I think your use of service properties to identify or distinguish between the SocketFactory instances and target properties on the consuming component to determine which one is used is the right approach, but I recommend doing it with configurations rather than multiple component xml's per implementation class. I'm not quite clear how many implementation classes for the SocketFactory or consumer you have. To illustrate I'm going to assume one each.

Instead of copying the component xml and modifying the properties there, you can use configuration of DS components through config admin. Peter Kriens has a good explanation of DS including configuration here: http://enroute.osgi.org/services/org.osgi.service.component.html. Here are some steps that cover setting up references using configuration in more detail:

  1. add configuration-pid to your component xmls. Lets assume socketFactory for the socketFactory and consumer for the consumer.

  2. install config admin. I think both the felix and eclipse ones work fine, I've only used the felix one.

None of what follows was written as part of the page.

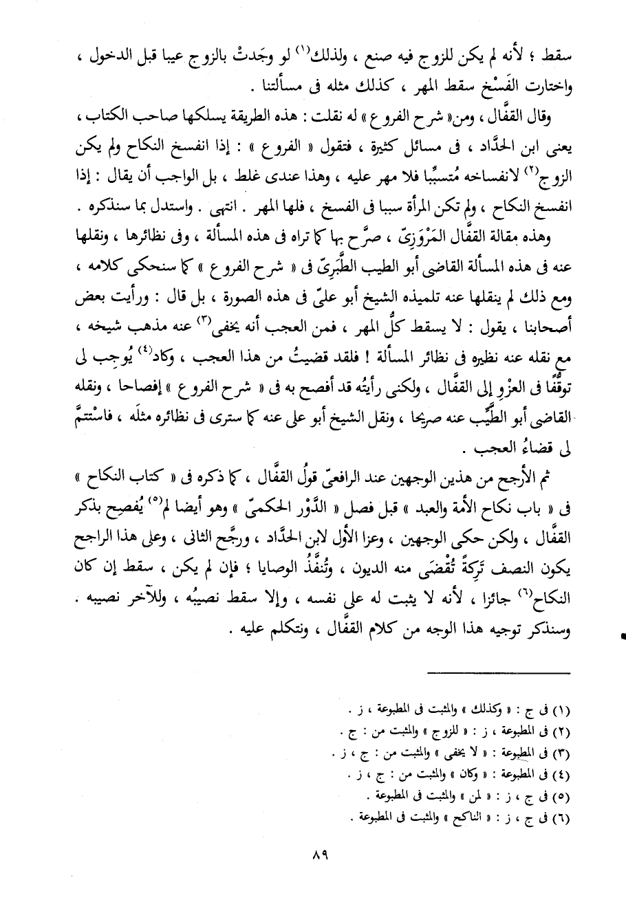 وَهَذِه مقَالَة الْقفال المروزى صرح بهَا كَمَا ترَاهُ فى هَذِه الْمَسْأَلَة وفى نظائرها ونقلها عَنهُ فى هَذِه الْمَسْأَلَة القاضى أَبُو الطّيب الطبرى فى شرح الْفُرُوع كَمَا سنحكى كَلَامه وَمَعَ ذَلِك لم ينقلها عَنهُ تِلْمِيذه الشَّيْخ أَبُو على فى هَذِه الصُّورَة بل قَالَ وَرَأَيْت بعض أَصْحَابنَا يَقُول لَا يسْقط كل الْمهْر فَمن الْعجب أَنه يخفى عَنهُ مَذْهَب شَيْخه مَعَ نَقله عَنهُ نَظِيره فى نَظَائِر الْمَسْأَلَة فَلَقَد قضيت من هَذَا الْعجب وَكَاد يُوجب لى توقفا فى الْعزو إِلَى الْقفال ولكنى رَأَيْته قد أفْصح بِهِ فى شرح الْفُرُوع إفصاحا وَنَقله القاضى أَبُو الطّيب عَنهُ صَرِيحًا وَنقل الشَّيْخ أَبُو على عَنهُ كَمَا سترى فى نَظَائِره مثله فَاسْتَتَمَّ لى قَضَاء الْعجب

  3. In a bundle where you want to arrange for a socket factory to get started, execute some code that gets the ConfigAdmin instance and call something like

    Configuration sfc = ca.createFactoryConfiguration("socketFactory", null);
    Hashtable<String, Object> props = new Hashtable<String, Object>();
    props.put("socketType", "MyType");
    sfc.update(props);
    

If this code is in the bundle with the SocketFactory code, you can leave out the null parameter. This will result in a SocketFactory component with a socketType=MyType service property, similar to what you did with component properties.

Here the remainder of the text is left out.